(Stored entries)
== Segment start ==
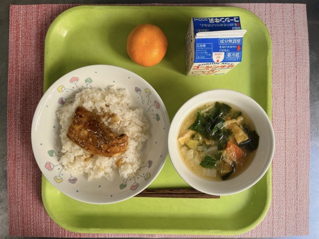 秋刀魚の蒲焼き丼、みそ汁、みかん、牛乳
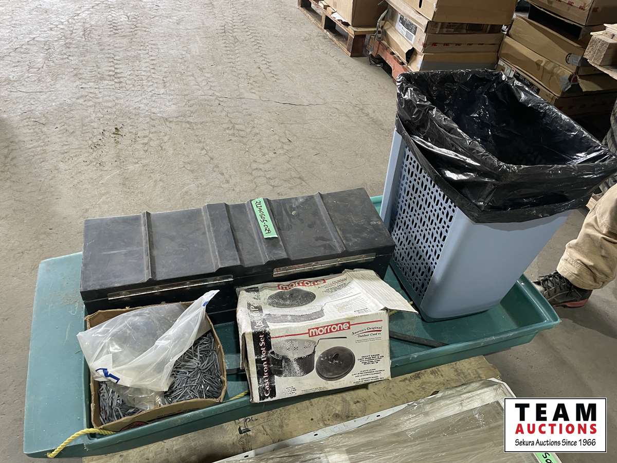 1382 Calf Sleigh, Quad Box, Fencing Staples, Cast Iron Deep Frier
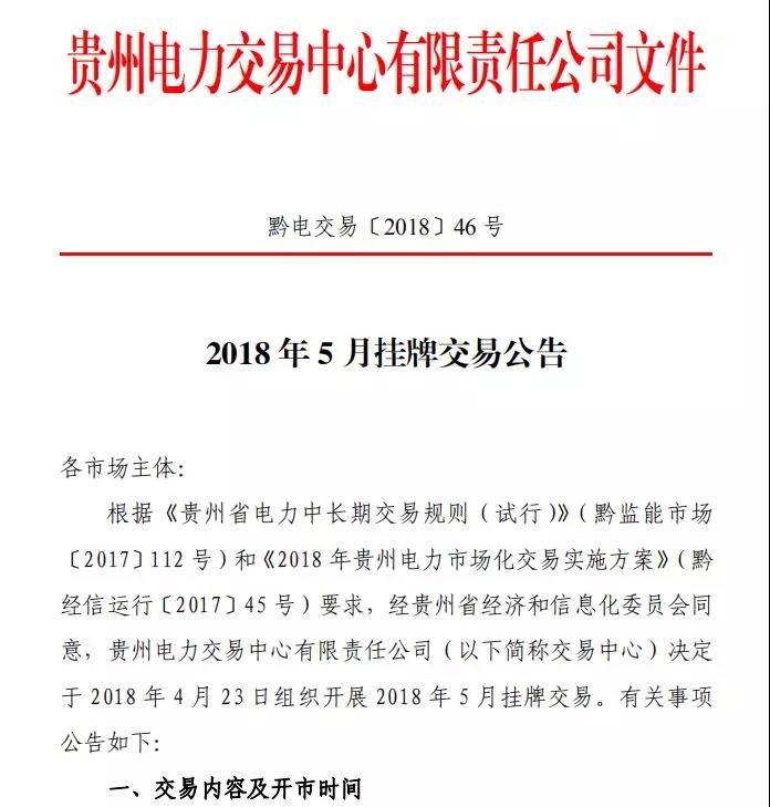 貴州電力交易中心日前發(fā)布了《2018年5月掛牌交易公告》
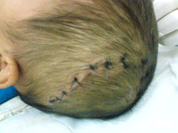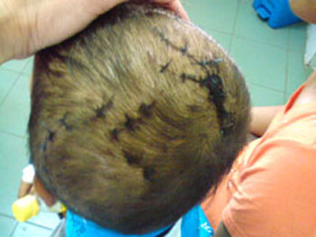 Bé C. và những vết khâu nhìn từ đỉnh đầu |
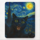 Black Cat Starry Night Van Gogh Cat Selfie Mouse Pad
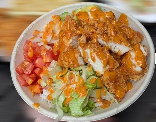Southern Fried Chicken Bites, White Rice, Shredded Iceberg Lettuce, Tomato, Diced Onion, Smashed Avo (Choice of Sauce)
== Segment end ==
TASK GOAL>
With the pictures left out, copy exactly the lines from the one containing "Black Cat Starry" through the final line of the records above, both included.

OUTPUT FOR THIS TASK>
 Black Cat Starry Night Van Gogh Cat Selfie Mouse Pad
Southern Fried Chicken Bites, White Rice, Shredded Iceberg Lettuce, Tomato, Diced Onion, Smashed Avo (Choice of Sauce)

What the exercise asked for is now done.